Values of source–sink parameters obtained after model adjustments and source–sink dynamics calculated are consistent with what we know about WOSR ecophysiology. The increase in internode sink during bolting and ramification leads to a dramatic decrease in the source–sink ratio; falling off of leaves of the main stem is compensated for by pod envelope photosynthesis until a certain point, and seed filling takes place at very low Q/D. However, photosynthetic surfaces correspond to a GPS calculated by the model of approx. 3·3. This variable, equivalent to an LAI at the plant scale, can be used to estimate the efficiency of light interception during seed filling. Measurements carried out at the crop scale show that 80 % of the light is intercepted with an LAI of 2, and 90 % with an LAI of 3 (J.-M. Allirand, pers. observ.). This indicates that under the conditions of our experiment, GPS would be sufficient to intercept 80–90 % of the incident light during seed filling. However, this needs to be confirmed by further results because GPS calculated is highly dependent on variations in leaf specific area that we specified in the model, and we know that this parameter is in fact very variable (Jullien et al., 2009a).
This work is a first step towards building and calibrating a structure–function model of WOSR that accounts for variations in dry weight at the organ scale. Improvements are needed concerning the secondary growth of stems, variations of pod development with position in the plant and estimation of growth parameters of the ramifications. Nevertheless, it seems to be a satisfying tool to analyse source/sink relationships within the plant. First results shed light on the important cost of the ramification and its impact on the source–sink ratio; they also confirmed the significant role of pod envelopes in biomass production during seed filling. This should be validated on other data sets recorded under different environments and/or genotypes.

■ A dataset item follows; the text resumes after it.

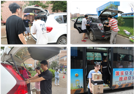 “滨江6112寝室的男生搬完行李后,认真地打扫好房间,给即将入住该寝室的其他同学留下一份干净和暖心。”“已经是第五趟上到六楼了,能帮助到其他同学我很开心。”“班主任又当‘货车’司机,又当‘搬运工’,全程陪着我们,让我们感到很温馨。”“汗水很咸,心里很甜……”为配合搬迁工作顺利进行,各学院提前布局,或是统一购买编织袋,或是租用公交车、货车搬运,或是安排学生共产党员、入党积极分子、志愿者等加入到宿舍搬迁的过程中来。搬迁现场,志愿者们协助打包、搬运、看管行李等,只要有需要,他们就在你身边。随处可见的还有辅导员、班主任、任课教师,他们开着自己的私家车往返于搬迁楼栋之间,加快搬迁速度。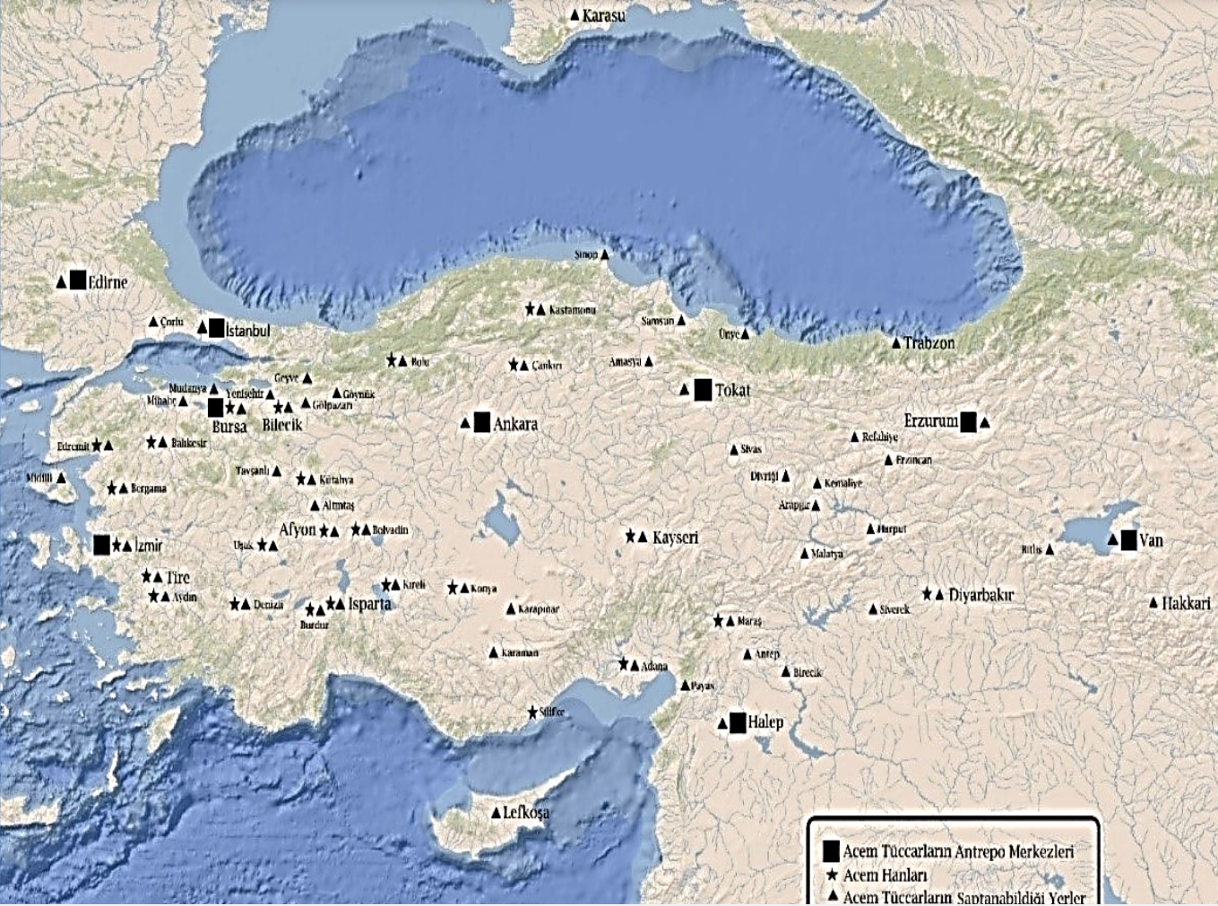 Erzurum’daki Taş Han (Rüstem Paşa Hanı) ve Gümrük Hanı, Acem tüccarlarının Doğu’dan gelen kervanlarla konakladığı temel mekânlardandır. Aynı şekilde, Samsun, Trabzon, Kırım-Karasu gibi görece uzak bölgelerde dahi Acem tüccarlarının yoğun olarak kaldığı hanlara dair kayıtlar bulunmaktadır. Bu hanlar, tüccarların mal güvenliği, haberleşme, ortaklık kurma ve yerel ağlara erişim açısından merkezi rol oynamıştır.

Once validated for other situations, the model could be used to reproduce plant plasticity. Indeed, this model will allow us to simulate ramification or organ pruning due to damage from parasites and that induces modifications in plant architecture and biomass allocation. This is a recent challenge that functional structural plant models deal with (Robert et al., 2008) and we intend to apply it to the interactions between insects and plants based on experimental data (Pinet et al., 2009).
This work was supported by the PROMOSOL association. We thank Julie Rodrigues and Alain Fortineau for technical support in plant architecture measurements.